Under the essential property subspace, the unfolding trajectories of protein G and protein L had the similar three types, which was coordinate with the fact that native state topology determines the folding mechanism. Type I with umbrella-shape had the higher appearance probability and the shortest unfolded simulation time among the three types, which might induced that this type was the preferred pathway among the multiple pathway . The shape of unfolding trajectory of type I indicated that the two proteins were fast folding two-state proteins, which was consistent with the fact that protein G and protein L are fast folding two-state kinetics proteins [18, 19]. For the similar topology, protein G and protein L had the similar unfolded state ensemble as ellipsoid.
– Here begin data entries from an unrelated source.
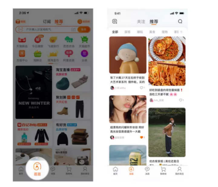 手淘此次改版最大的变化就是将淘系原有的内容整合,推出中心化的内容平台“逛逛”。其内容一是来自于此前分散在商品页面的达人买家秀,二是淘宝正鼓励内容创作者、普通用户和商家产出原创内容。
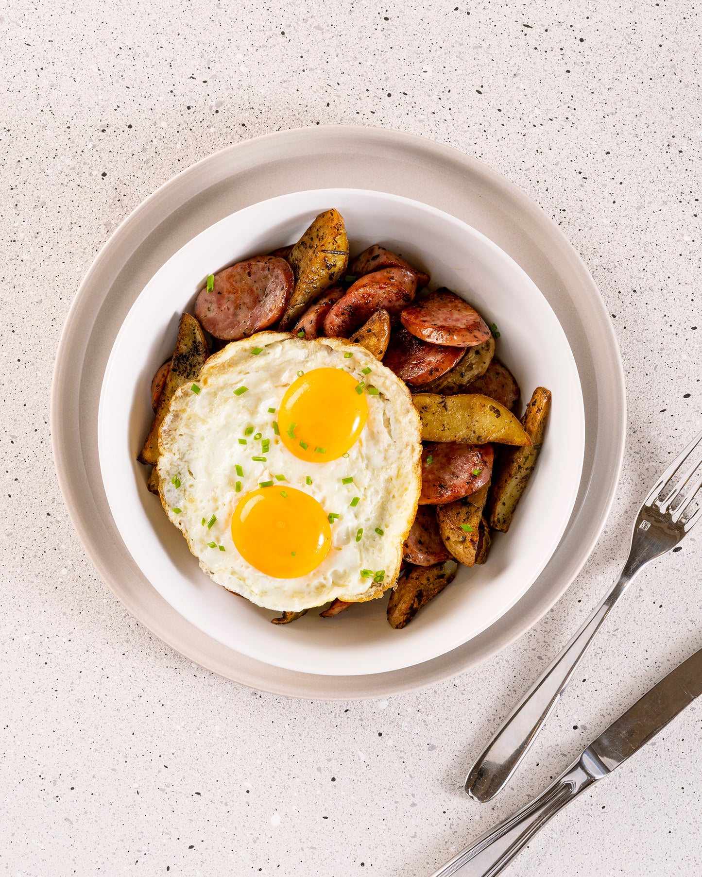 Huevos fritos, salchicha de pavo polaca
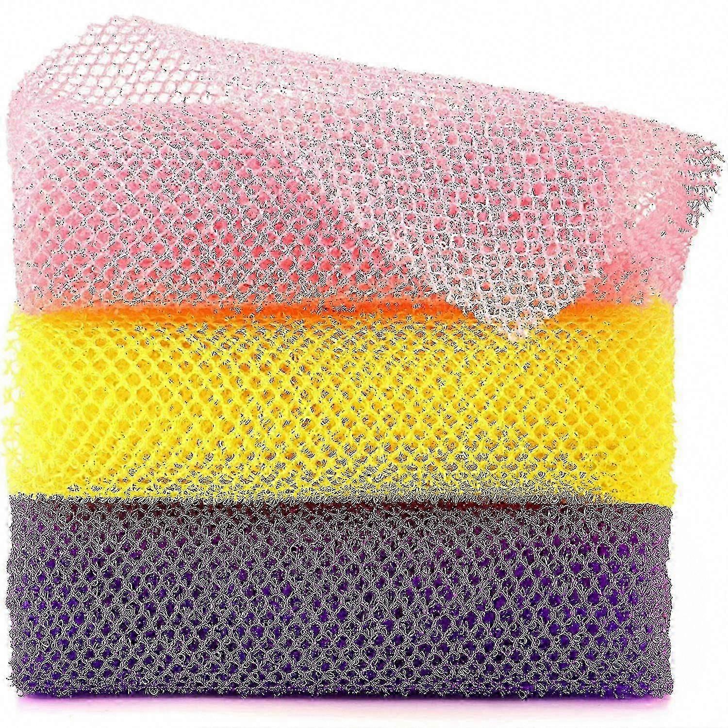 3-Piece African Exfoliating Bath Sponge Set for Shower & Body Scrub - Pink, Yellow, Purple - Great for Daily Use
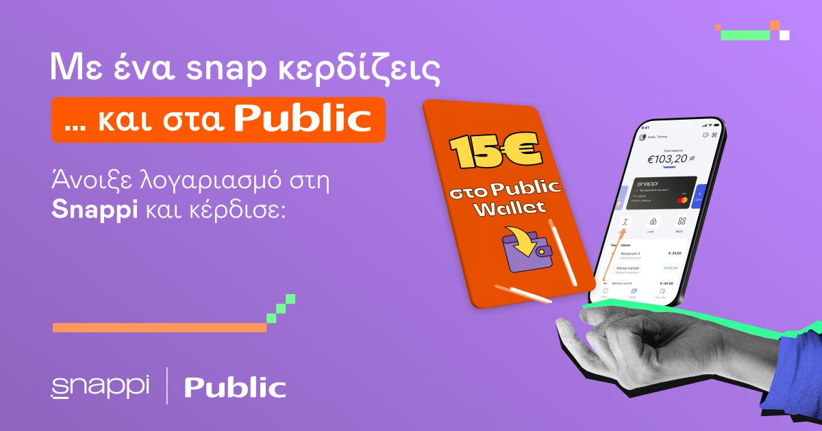 Με λίγα λόγια; Αν έχεις ήδη Public Wallet και χρησιμοποιείς συχνά την εφαρμογή, η Snappi γίνεται ο πιο γρήγορος τρόπος να προσθέσεις extra αξία στις επόμενες αγορές σου. Κι αν όχι, ίσως αυτή είναι η πιο καλή αφορμή για να μπεις στο οικοσύστημα Public με έναν πραγματικά έξυπνο τρόπο. Ξεκινώντας με 15€ δώρο!
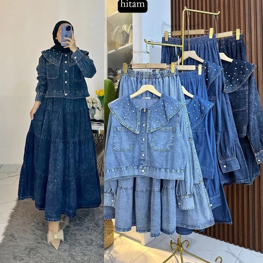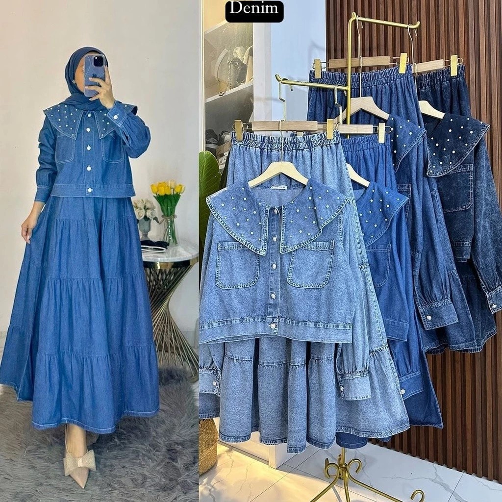 Outfit - Milana One Set Rok 2in1 Setelan Wanita Muslim Matt Jeans Apk Mutiara Premium
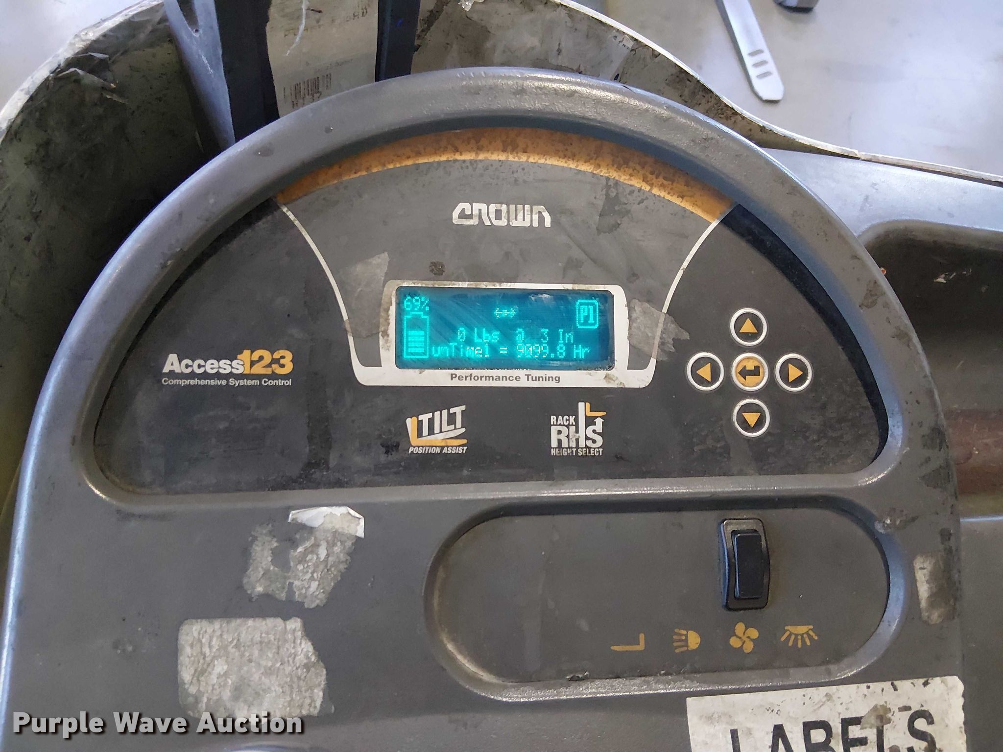Purple Wave is selling a used Warehouse Forklift in California. This item is a 2017 Crown RM6095-45 order picker with the following: Hours: 9,100 on meter, Miles or hours may vary, unit still in use, Serial: 1A486740, Unit #: SFS2772

Protein G and protein L have low homology (16% sequence identity) although they share the similar native state topology. The most obvious difference for the two proteins is the α-helix orientation. In protein L the helix is almost parallel to the β-sheet, whereas in the protein G the helix runs diagonally across the sheet . Studies indicate that one of the two β-turns is largely formed and the other largely disrupted in the folding transition state. In protein L it is the N-terminal β-turn, and in the protein G the C-terminal β-turn, that is formed in the transition ensemble [7–9, 20]. However, the difference disappeared under the property space for the two proteins. The property space was constructed by physical property parameters of protein, for the two proteins, different transient states in Cartesian space might have the same physical properties. At same time, some other difference of unfolding behaviors of the two proteins was observed obviously under the property space.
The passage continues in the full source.